The Saturday Night Massacre demonstrates that, with regard to the position of Attorney General, the Governor is wrong. The person holding the Office of Attorney General can, should, and in fact must, expect that once they are appointed as head of the Justice Department that they will be able to do “whatsoever they will in that department” to seek justice and represent the People. Their only guide is seeking justice. If their decisions are not to the liking of the politically elected officials, so be it. If they get fired, so be it. If they must resign to maintain the integrity of the office, so be it. They must do what justice and the law demands without regard to the consequences for them personally or the political consequences to elected officials.

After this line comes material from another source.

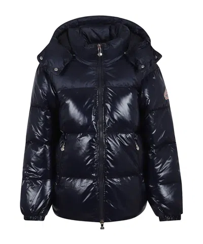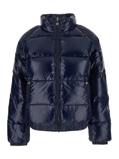 'sten' Blue Down Jacket With Drawstring Hood And Logo Patch In Technical Fabric Unisex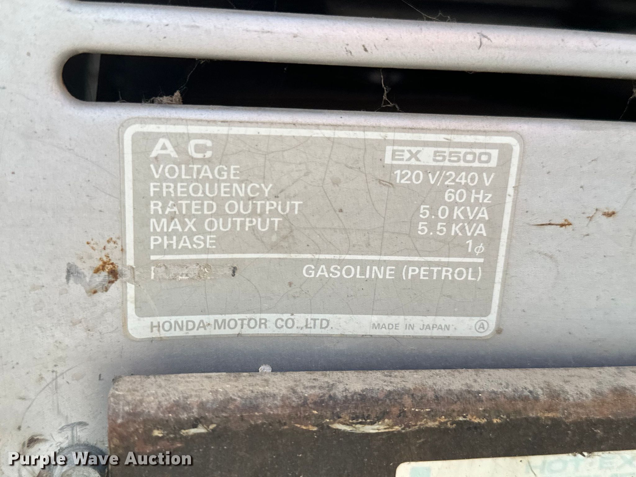 Purple Wave is selling a used Generator Set in Kansas. This item is a Honda EX5500 generator with the following: Honda, Fuel type: Gas

The Saturday Night Massacre arose from the Watergate breaking which took place in June 1972. Archibald Cox was appointed as the special prosecutor on the case. He issued a subpoena to President Richard Nixon for the production of audio tapes from the Oval Office. Nixon refused to produce the tapes. On a Saturday night Nixon ordered Attorney General Elliot Richardson to fire Cox. Richardson resigned as U.S. Attorney General rather than obey Nixon’s order. Deputy Attorney General William Ruckelshaus also refused to fire Cox and he resigned. Sadly Robert Bork complied with the order and fired Cox and as history has demonstrated, attained infamy for doing so.

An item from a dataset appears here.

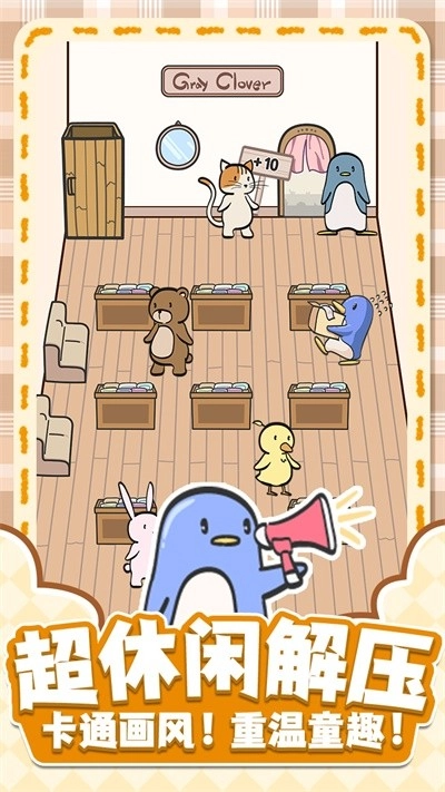 2、可爱的动物朋友和你在一起,每个特邀嘉宾都有不同的能力,可以通过单击来显示有益的功能,还可以驱赶来捣乱的客户,完成游戏的任务,收获更多的奖励,以便于更好的装扮专属的服装店。

Richardson and Ruckelshaus resigned because they had a duty of fidelity to justice and the law. Nixon’s order was in conflict with those duties as it undermined their independence. It did not matter that the Attorney General had the legal authority to fire Cox or that technically Nixon had the authority to give the order. The order was inconsistent with their obligations to justice, to the law, and with the standards of conduct that guide their work. Government officials often have the power to do something, to give an order, to control others conduct of their duties. That alone does not mean it is right to do it.

On a local level Soraya Diase-Coffelt, like Richardson, had no choice but to resign if as Attorney General she could not conduct the business of the Virgin Islands Justice Department independently seeking justice on behalf of the People of the Virgin Islands. The question now is will other Virgin Islands DOJ attorneys, if circumstances require it, follow in the footsteps of Richardson and Ruckelshaus or in the footsteps of Robert Bork?

Submitted by:

Paul Murphy

The views and opinions expressed are solely those of the author, and may not necessarily reflect the views and opinions of the staff and management of the VI Consortium.